Inferring novel gene-disease associations using Medical Subject Heading Over-representation Profiles
1 Bioinformatics Graduate Program, Centre for Molecular Medicine and Therapeutics at the Child and Family Research Institute, University of British Columbia, 980 W. 28th Ave, Vancouver, V5Z 4H4, Canada
2 Department of Cells and Systems Biology, Ontario Institute for Cancer Research, University of Toronto, 101 College Street, Toronto, M5G 0A3, Canada
3 Department of Medical Genetics, Centre for Molecular Medicine and Therapeutics at the Child and Family Research Institute, University of British Columbia, 980 W. 28th Ave, Vancouver, V5Z 4H4, Canada
Genome Medicine 2012, 4:75 doi:10.1186/gm376Published: 28 September 2012
MEDLINE®/PubMed® currently indexes over 18 million biomedical articles, providing unprecedented opportunities and challenges for text analysis.

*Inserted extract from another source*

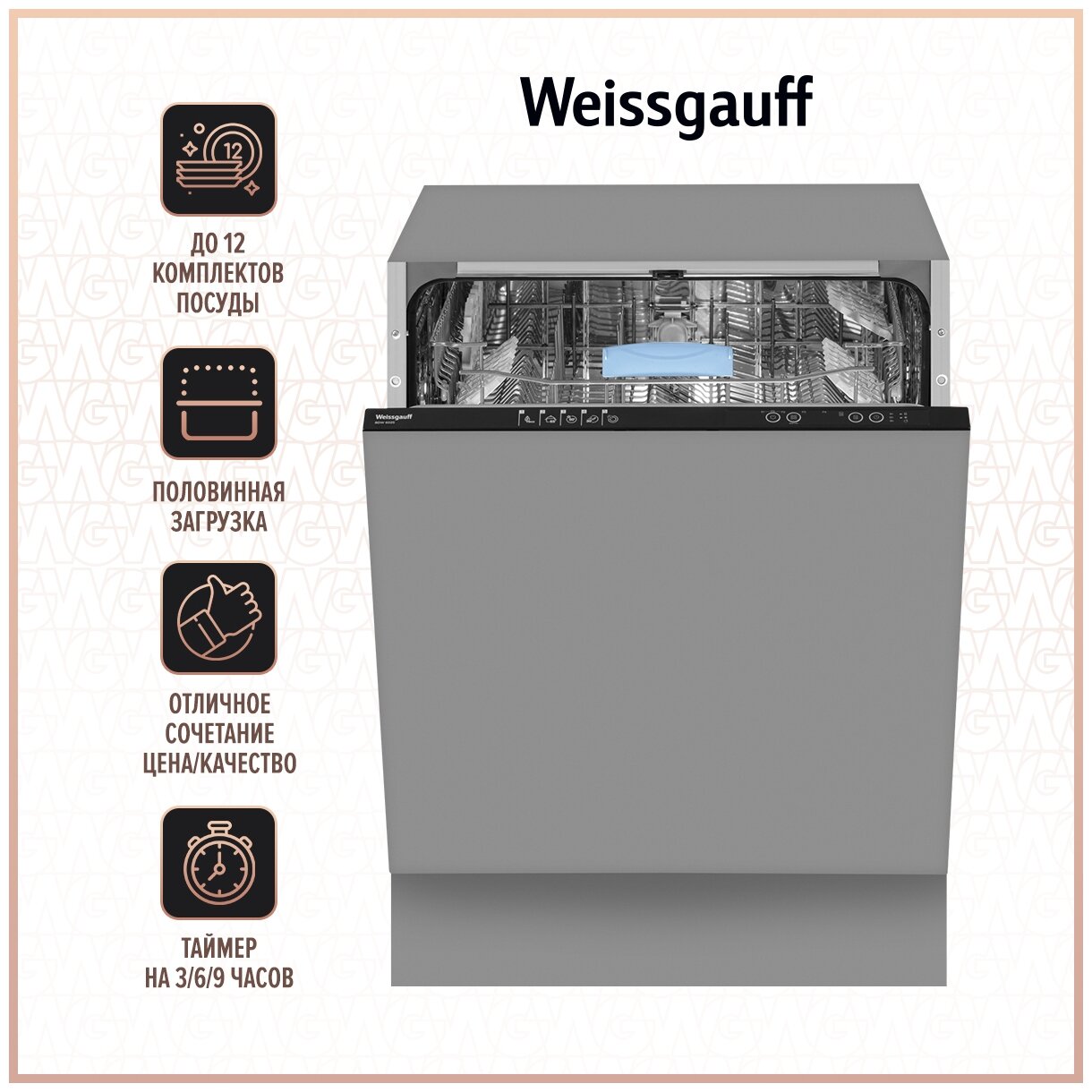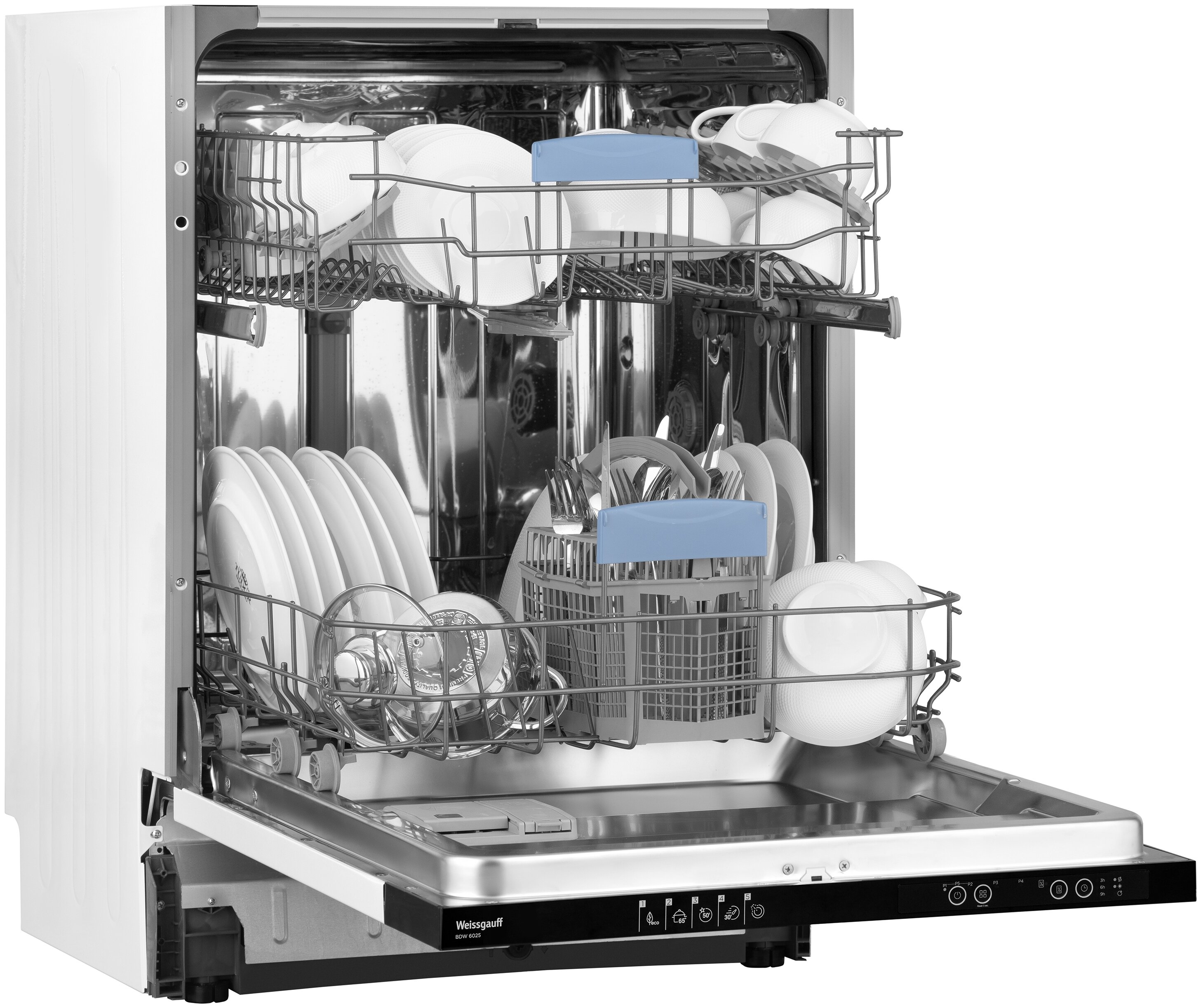 Посудомоечная машина встраиваемая Weissgauff BDW 6025. Встраиваемая посудомоечная машина Weissgauff шириной 60 см воплощает в себе один из наших ключевых принципов: достойное качество по разумной цене! Эта модель оснащена двумя функциональными корзинами и обладает вместимостью 12 комплектов посуды. А 5 эффективных программ всегда помогут подобрать оптимальный режим в зависимости от типа посуды и уровня загрязненности.

Using Medical Subject Heading Over-representation Profiles (MeSHOPs), an entity of interest can be robustly summarized, quantitatively identifying associated biomedical terms and predicting novel indirect associations.
A procedure is introduced for quantitative comparison of MeSHOPs derived from a group of MEDLINE® articles for a biomedical topic (for example, articles for a specific gene or disease). Similarity scores are computed to compare MeSHOPs of genes and diseases.

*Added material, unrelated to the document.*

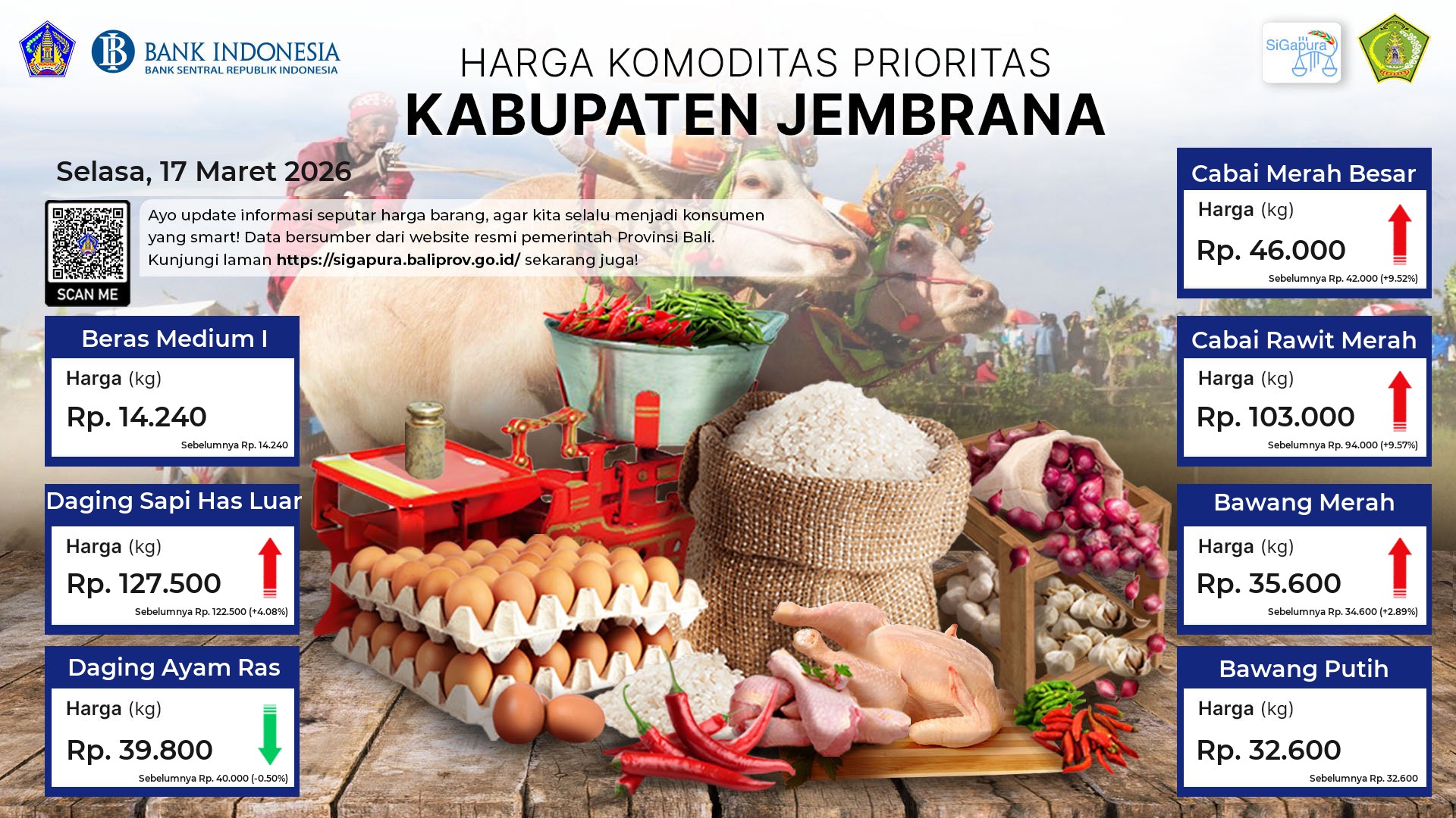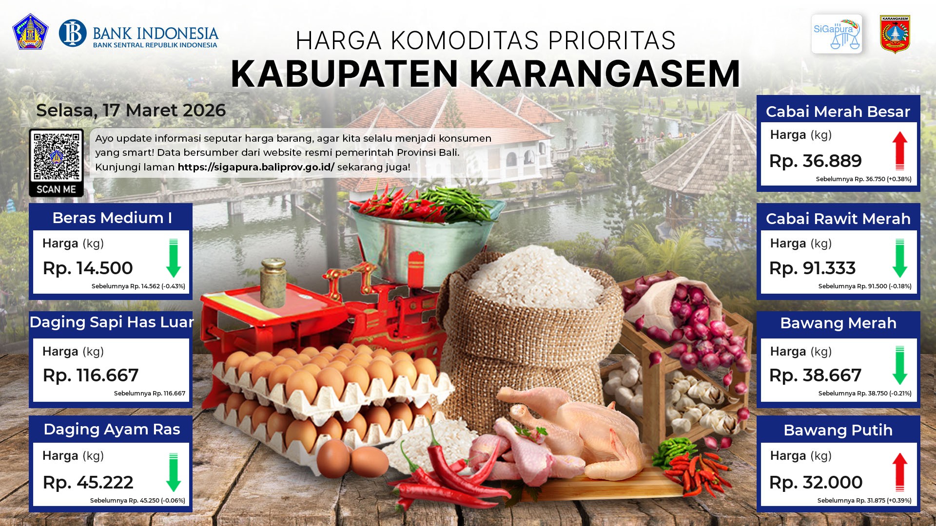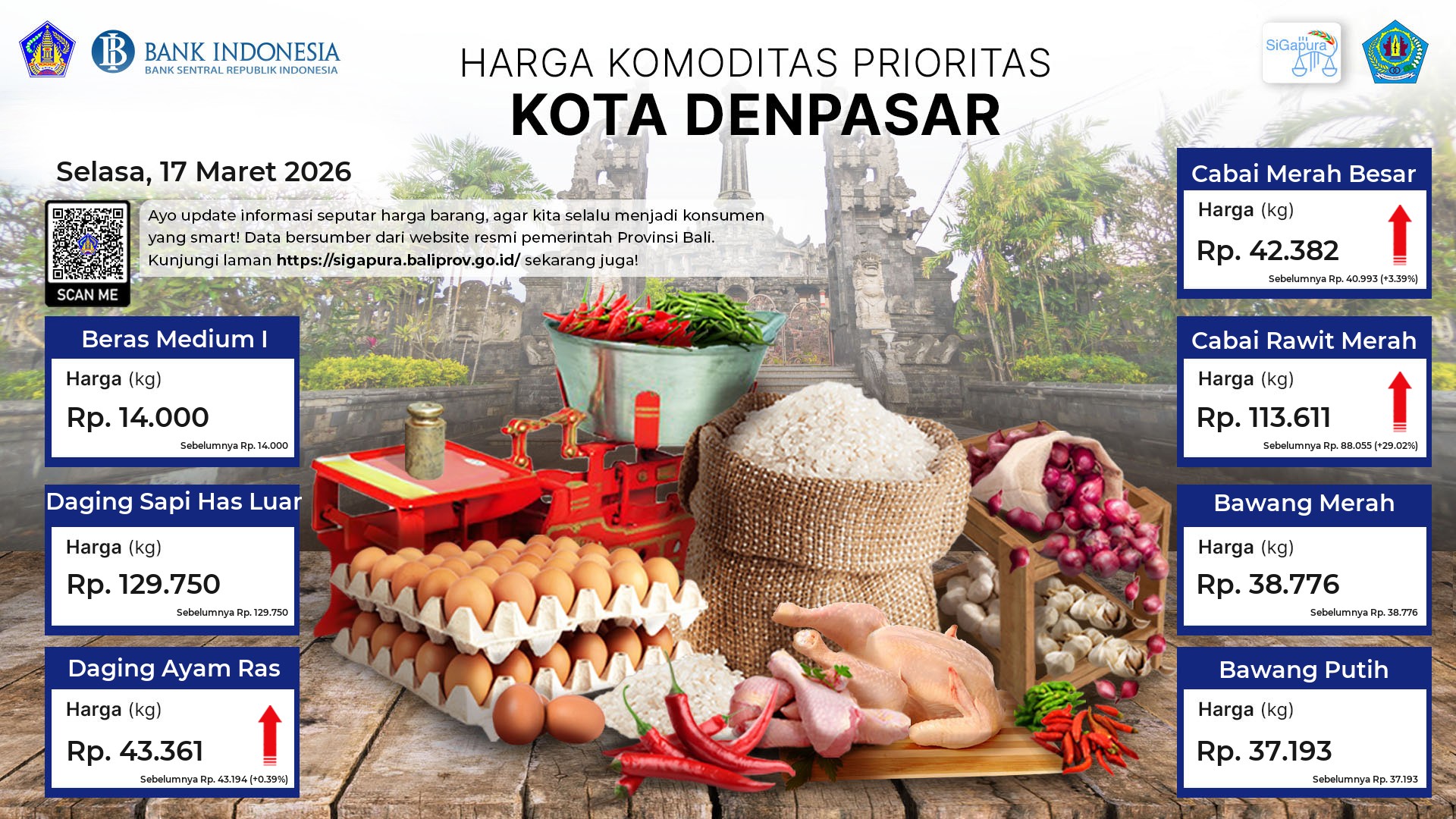 Berdasarkan pemantauan Harga Pangan Rata-Rata 7 (tujuh) Komoditas Prioritas di 60 Pasar seluruh Bali pada tanggal 17 Maret 2026, diperoleh informasi Beras Medium I ada diharga Rp. 14.366, mengalami kenaikan sebesar 0.02%. Daging Sapi Has Luar ada diharga Rp. 123.030, mengalami penurunan sebesar 3.15%. Daging Ayam Ras ada diharga Rp. 42.675, mengalami kenaikan sebesar 0.34%. Cabai Merah Besar ada diharga Rp. 38.936, mengalami kenaikan sebesar 1.81%. Cabai Rawit Merah ada diharga Rp. 96.272, mengalami kenaikan sebesar 3.47%. Bawang Merah ada diharga Rp. 36.430, mengalami kenaikan sebesar 0.70%. Bawang Putih ada diharga Rp. 33.917, mengalami kenaikan sebesar 0.01%.

Similarity scores successfully infer novel associations between diseases and genes. The number of papers addressing a gene or disease has a strong influence on predicted associations, revealing an important bias for gene-disease relationship prediction. Predictions derived from comparisons of MeSHOPs achieves a mean 8% AUC improvement in the identification of gene-disease relationships compared to gene-independent baseline properties.
MeSHOP comparisons are demonstrated to provide predictive capacity for novel relationships between genes and human diseases. We demonstrate the impact of literature bias on the performance of gene-disease prediction methods. MeSHOPs provide a rich source of annotation to facilitate relationship discovery in biomedical informatics.